When Death comes Knocking

By John CoxPublished 16 days ago Updated 16 days ago 4 min read
9
He stood there, his eyes glowing from within his hood, his wolfish teeth bared.

I felt the temperature change in the air before I heard the knock. Death had finally come to my door. My Father was every bit as desperate as I had imagined.

"It's not locked," I answered as though I didn't have a care in the world.

The door opened slowly, spectrally, the cloaked figure of Thanatos slipping into the room like a terrifying shadow trailing frozen vapor. It was a pity really. He does so love to make an entrance, but it was wasted on me.

Two days earlier, I sat facing my kind benefactor on pins and needles. "Do you know why you have no siblings, Soma?" she had asked me. The answer changed everything. At some distant level I had always known. But hearing her say it aloud forced me to confront what I had long feared.

I suppose I should have pitied him the suffering and fear that kept that Him chaste for ten thousand years. But I could not.

It was all so damnably predictable. The oracle warned my parents that their union would produce a child who would betray and overthrow the king of Hell. So, what does he do? He impregnant's Mother anyway and then tries to kill me, like it was somehow my fault and not his.

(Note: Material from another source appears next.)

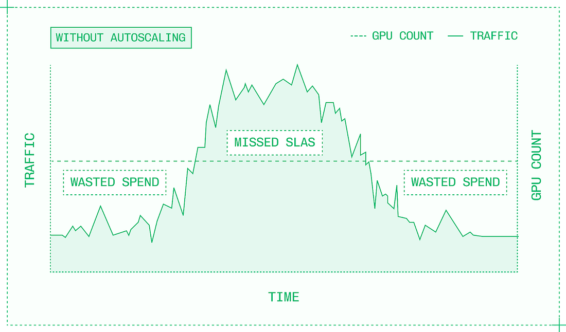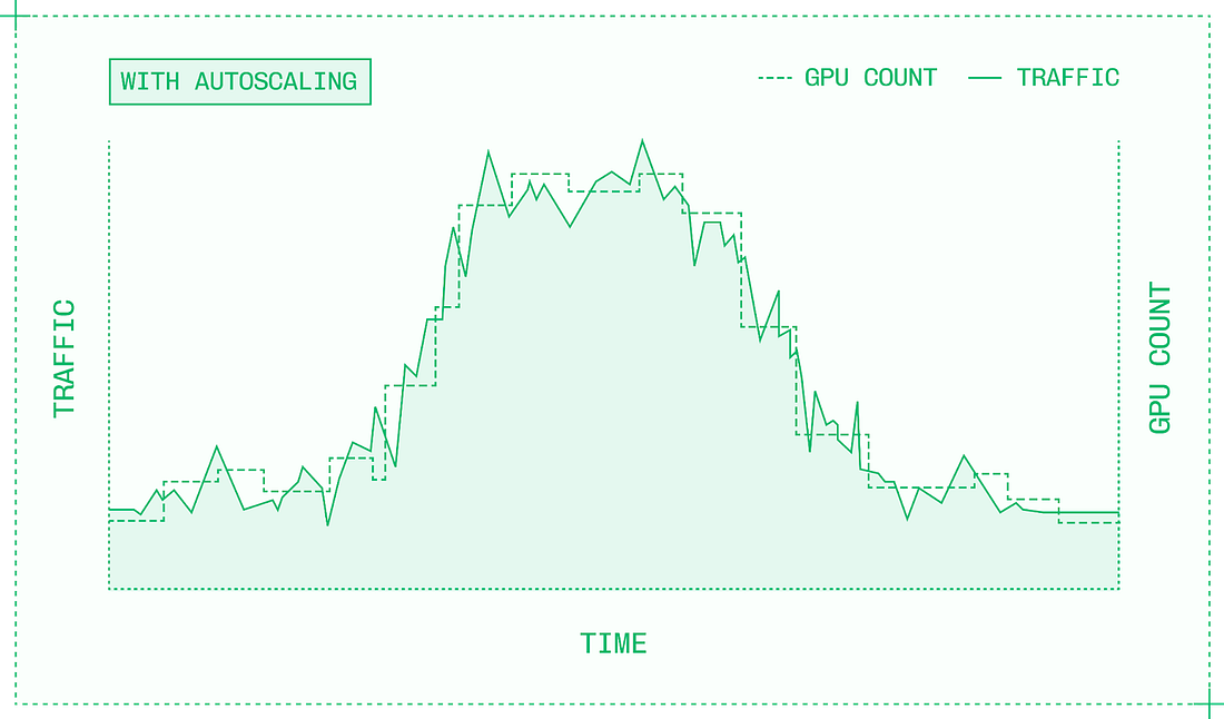 Most inference engineering today happens at the higher levels of abstraction, configuring and deploying inference engines and orchestrating inference across multiple GPUs. No matter which level of the stack you work at, it’s essential to have a strong mental model for the adjacent levels of abstraction to guide your work. 6. What infrastructure does inference need?When you scale production traffic, your assumptions are rigorously tested. Everything from input and output sequence lengths, to traffic patterns, to what topic a user decides to chat about; they all impact your observed performance in production. And maintaining secure, robust infrastructure is an entirely different skillset from optimizing model inference on the GPU. No matter how fast and efficiently a single instance can serve a model, the service will be overwhelmed if traffic gets high enough. It’s an infrastructure problem, not with PyTorch or CUDA, and it requires a different mindset and different technologies. Scaling in production introduces new complexities about where and how to get GPUs, balance traffic across them, and prevent downtime. The goal of autoscaling is to ensure you always have enough resources to serve all incoming requests, while maintaining latency SLAs and without wasting money on idle GPUs. Autoscaling systems use Kubernetes, an open-source container orchestration system, along with a cluster-level system for provisioning and deallocating compute. Kubernetes can run one or more replicas of a model container, each on its own instance. An instance includes the GPUs and other hardware resources that the container requires. Unless your traffic is unusually consistent, there probably isn’t a specific number of replicas that perfectly matches your needs. Autoscaling is the practice of dynamically adjusting the number of replicas allocated to a given model within a cluster. There are two ways to make autoscaling decisions:

To add insult to injury, He does everything in His power in the decades after to alienate and hurt me.

How dumb is that?

Now that death has come to kill the freak, Father can act surprised and shocked when the sad news reaches His and Mother's ears.

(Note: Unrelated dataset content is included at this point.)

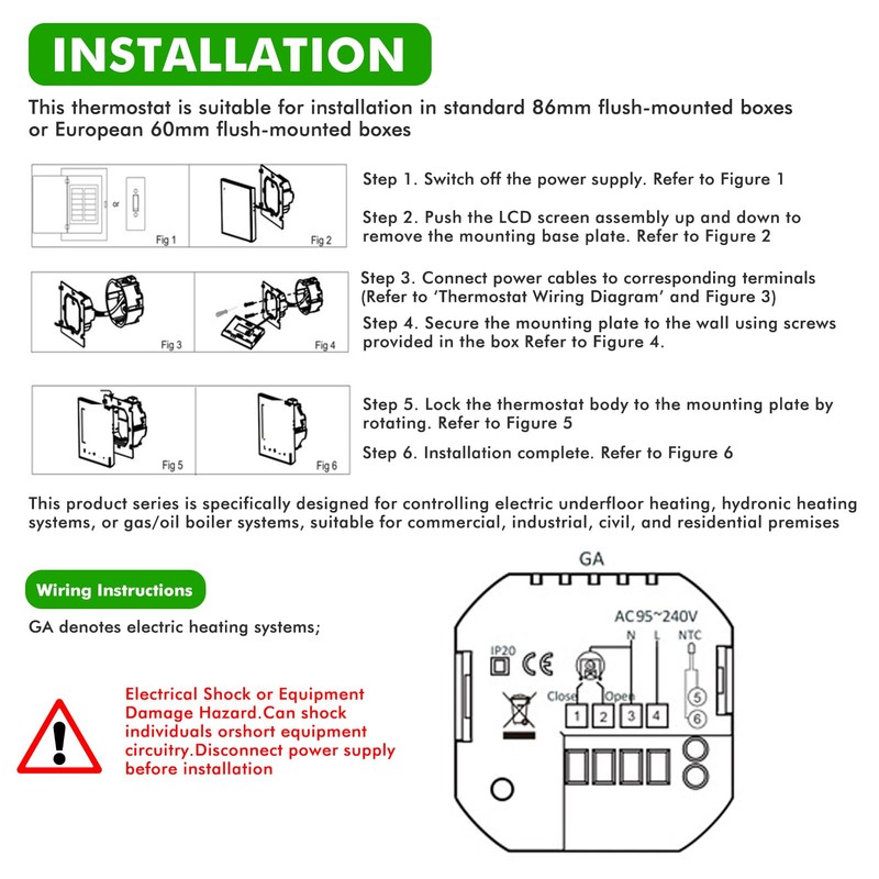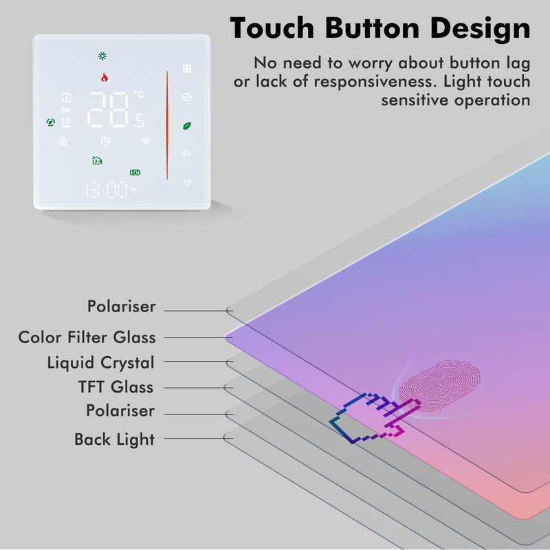 - Application scenarios: This intelligent heating thermostat for underfloor heating has been specially developed for underfloor heating and is suitable for the requirements of heat management in residential buildings, commercial complexes and municipal projects

"I came to warn, you," my benefactor told me before she left, "and support you, if I can." She had her smartly dressed and deadly assistant stay behind. More on her later.

Anyone with sense fears Thanatos. He can kill slowly or with a gentle snap of his fingers. He stood there, his eyes glowing from within his hood, his wolfish teeth bared. His eyes bored into mine, daring me to blink and turn away while I gazed back all innocence and light.

"Did Daddy send you with a message?" I asked guilelessly.

His smile broadened but he remained silent. I smiled in return. "No matter," I answered myself, softly, "I have an offer for you." His smile disappeared. He was slow in realizing that I was not afraid. I had tried to mask the excitement I felt, but in spite of his arrogance he had begun to sniff it out.

"I'm starting a new venture, Hell Inc. I need a COO. Do you know what a COO is, Thanatos?"

Grinning again, he chuckled softly. "No man can buy me, least of all a woman, Goat Girl," he said disparagingly.

I smiled broadly. "It's really a generous offer ... far better than you deserve."

Leaning his head back, he laughed, its deep and spectral notes shaking the floor and probably scaring guests in the adjoining rooms. "You think you can defy Thanatos, little freak? I am a God. I can take your life with a word."

I leaned forward with a savage grin. "Then take it!" I spat.

Extending a claw-like hand he twisted it in the air as if reaching into my breast to pluck out my heart. But when it came back empty, his smile of triumph faded as he stared at his empty palm.

"Oopsie!"

Waving my arm in wide circles above the hotel floor, I chanted - “Wishing well, oh wishing well, I give thee a God instead of gifts of silver and gold; I pray you take him and make him do as he's told.”

Closing my eyes, I counted to five. Opening them the well appeared in the floor, smoke rising up from its depths.

Thanatos' face filled with the anguish that he had fed upon for untold millennia. "Soma," he pleaded.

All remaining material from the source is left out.